*EXERCISE DETAILS*. Your answer should hold exactly the lines below from the line with "20*20. Белоснежка. 571-ST-S" through the line with "Als nächstes wird", both included, and no pictures at all.

*MATERIAL PROVIDED*.
──────────
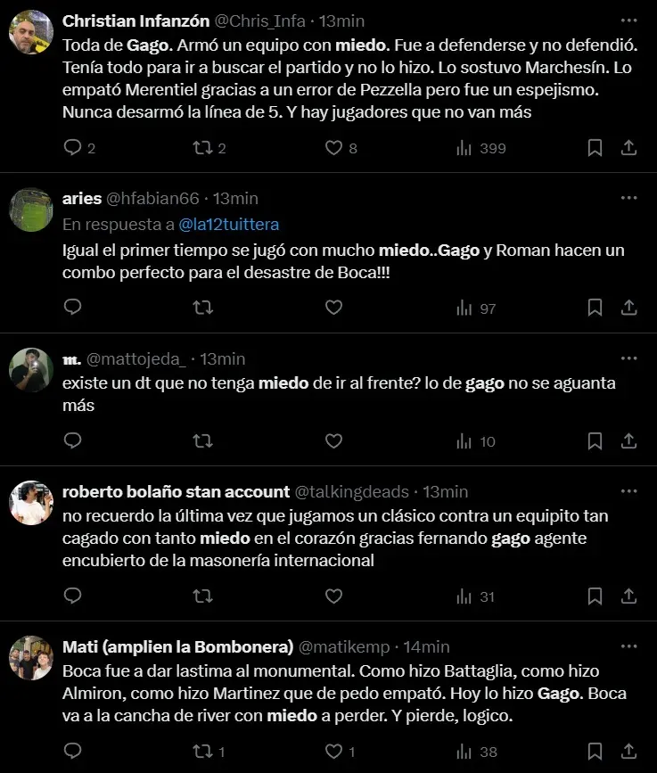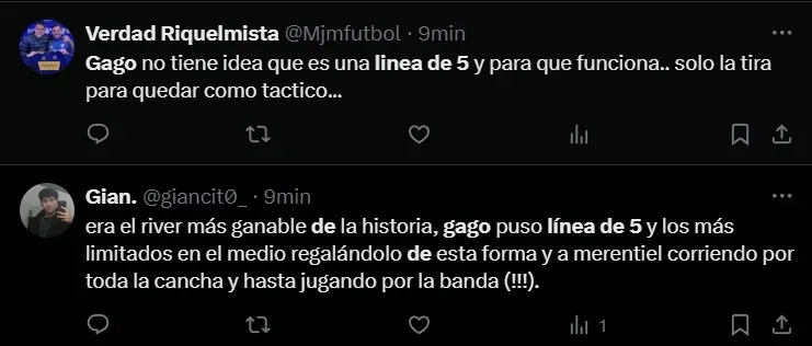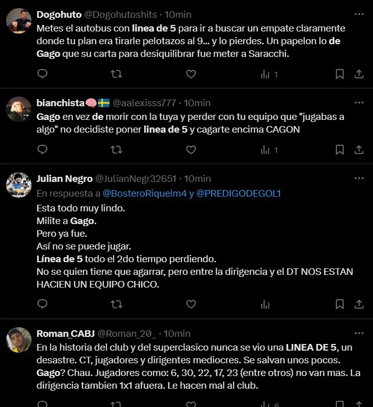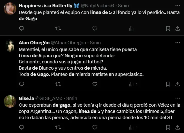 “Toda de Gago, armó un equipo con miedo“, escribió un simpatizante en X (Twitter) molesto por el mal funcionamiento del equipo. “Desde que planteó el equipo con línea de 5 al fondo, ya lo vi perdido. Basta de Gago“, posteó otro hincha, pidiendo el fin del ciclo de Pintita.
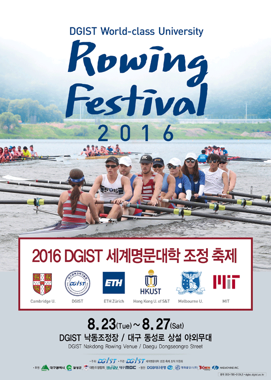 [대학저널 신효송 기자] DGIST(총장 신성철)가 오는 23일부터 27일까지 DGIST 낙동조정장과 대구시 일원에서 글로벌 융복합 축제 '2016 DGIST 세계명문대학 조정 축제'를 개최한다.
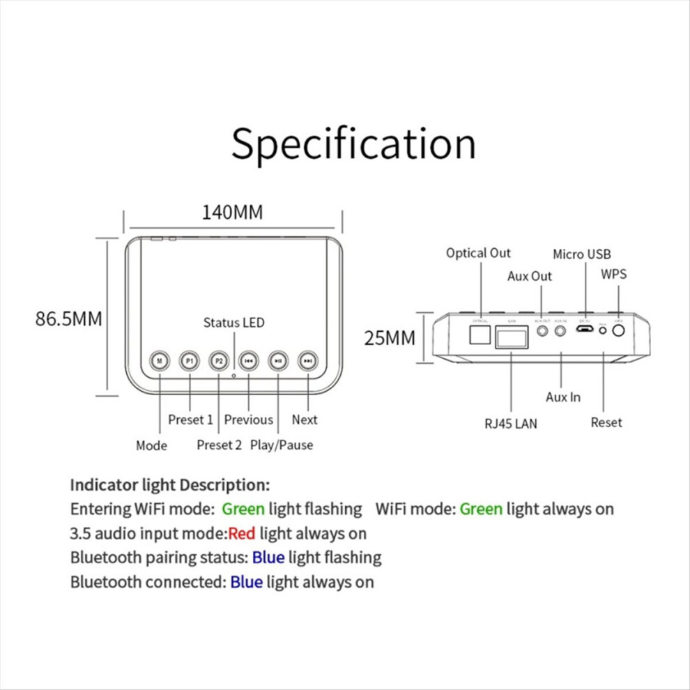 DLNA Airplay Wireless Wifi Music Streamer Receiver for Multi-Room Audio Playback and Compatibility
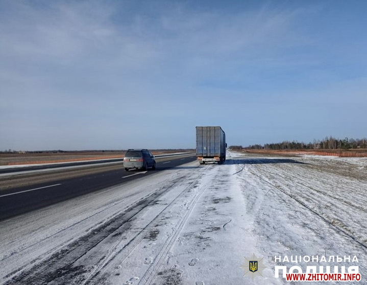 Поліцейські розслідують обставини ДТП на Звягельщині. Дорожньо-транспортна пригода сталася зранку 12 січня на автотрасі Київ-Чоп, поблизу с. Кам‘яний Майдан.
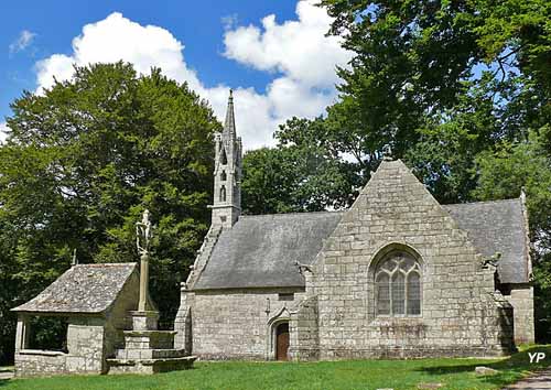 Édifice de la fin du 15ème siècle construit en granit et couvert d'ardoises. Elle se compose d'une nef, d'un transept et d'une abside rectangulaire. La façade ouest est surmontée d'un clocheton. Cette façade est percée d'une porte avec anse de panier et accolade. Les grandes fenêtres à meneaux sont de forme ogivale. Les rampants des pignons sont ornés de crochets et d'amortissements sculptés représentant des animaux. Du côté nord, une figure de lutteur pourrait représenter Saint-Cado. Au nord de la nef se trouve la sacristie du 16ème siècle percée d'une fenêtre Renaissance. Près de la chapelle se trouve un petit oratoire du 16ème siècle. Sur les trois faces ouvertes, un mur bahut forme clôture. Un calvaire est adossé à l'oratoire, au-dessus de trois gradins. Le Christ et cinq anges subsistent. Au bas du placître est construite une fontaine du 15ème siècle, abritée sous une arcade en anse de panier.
──────────
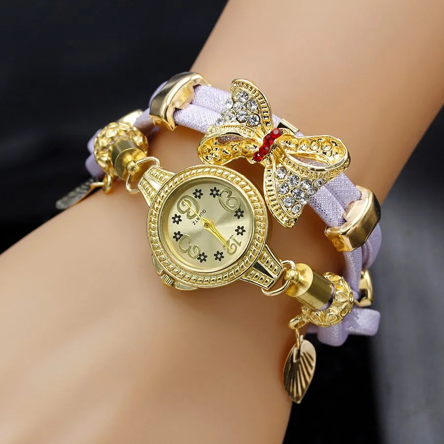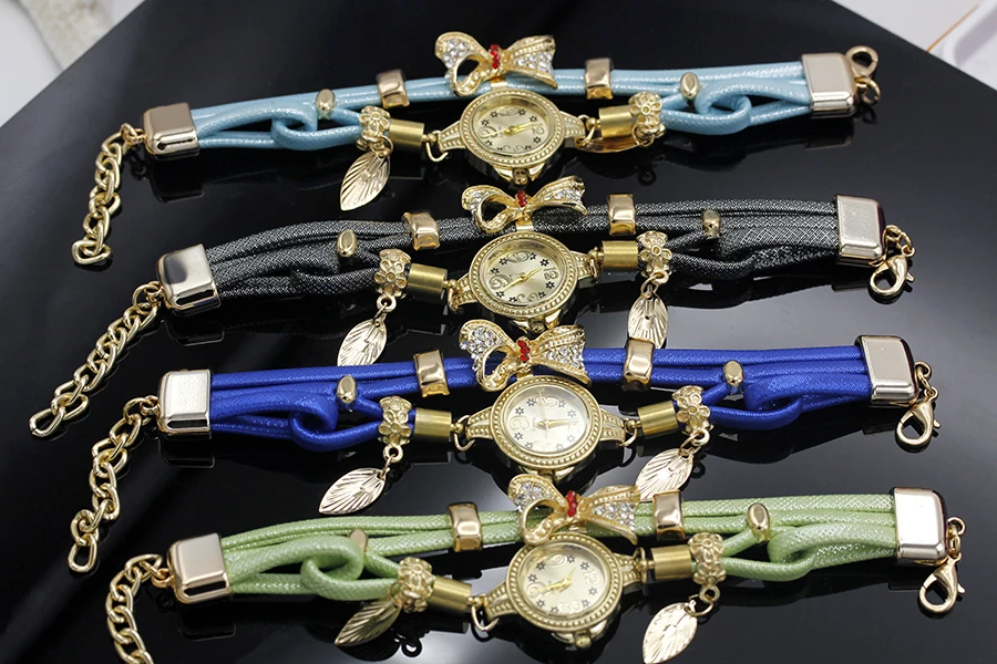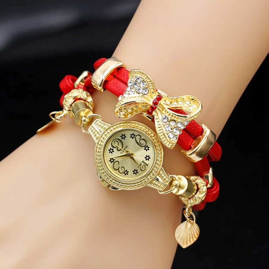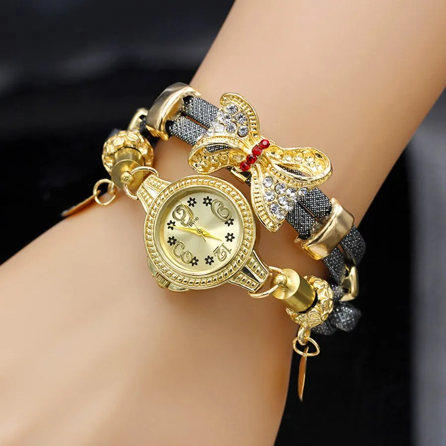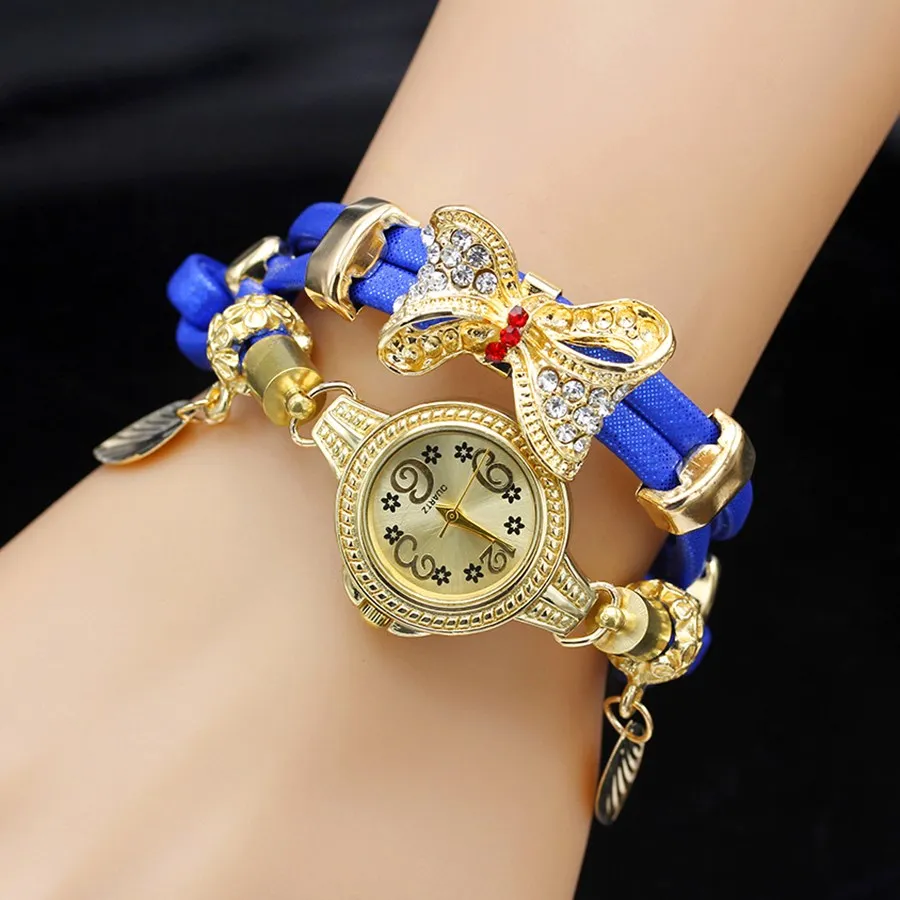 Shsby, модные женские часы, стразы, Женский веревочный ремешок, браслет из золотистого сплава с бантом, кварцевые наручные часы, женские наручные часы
──────────
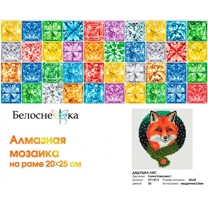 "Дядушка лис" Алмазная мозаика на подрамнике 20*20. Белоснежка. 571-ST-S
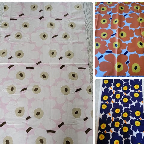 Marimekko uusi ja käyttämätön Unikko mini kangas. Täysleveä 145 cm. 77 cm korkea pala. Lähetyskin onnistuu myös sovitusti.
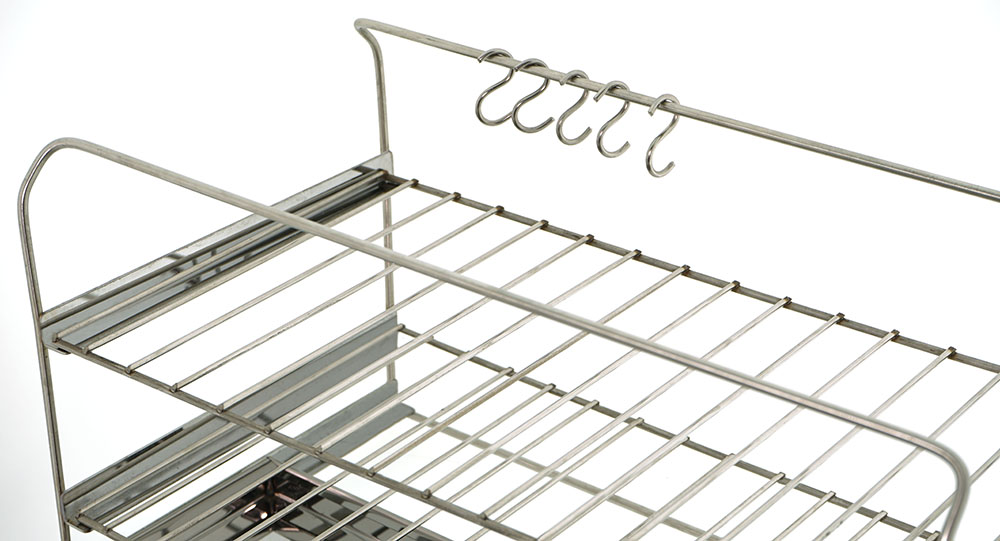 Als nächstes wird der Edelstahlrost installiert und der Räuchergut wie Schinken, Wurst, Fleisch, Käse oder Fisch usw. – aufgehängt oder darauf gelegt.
──────────
*RESULT OF THIS EXERCISE*.
 "Дядушка лис" Алмазная мозаика на подрамнике 20*20. Белоснежка. 571-ST-S
 Marimekko uusi ja käyttämätön Unikko mini kangas. Täysleveä 145 cm. 77 cm korkea pala. Lähetyskin onnistuu myös sovitusti.
 Als nächstes wird der Edelstahlrost installiert und der Räuchergut wie Schinken, Wurst, Fleisch, Käse oder Fisch usw. – aufgehängt oder darauf gelegt.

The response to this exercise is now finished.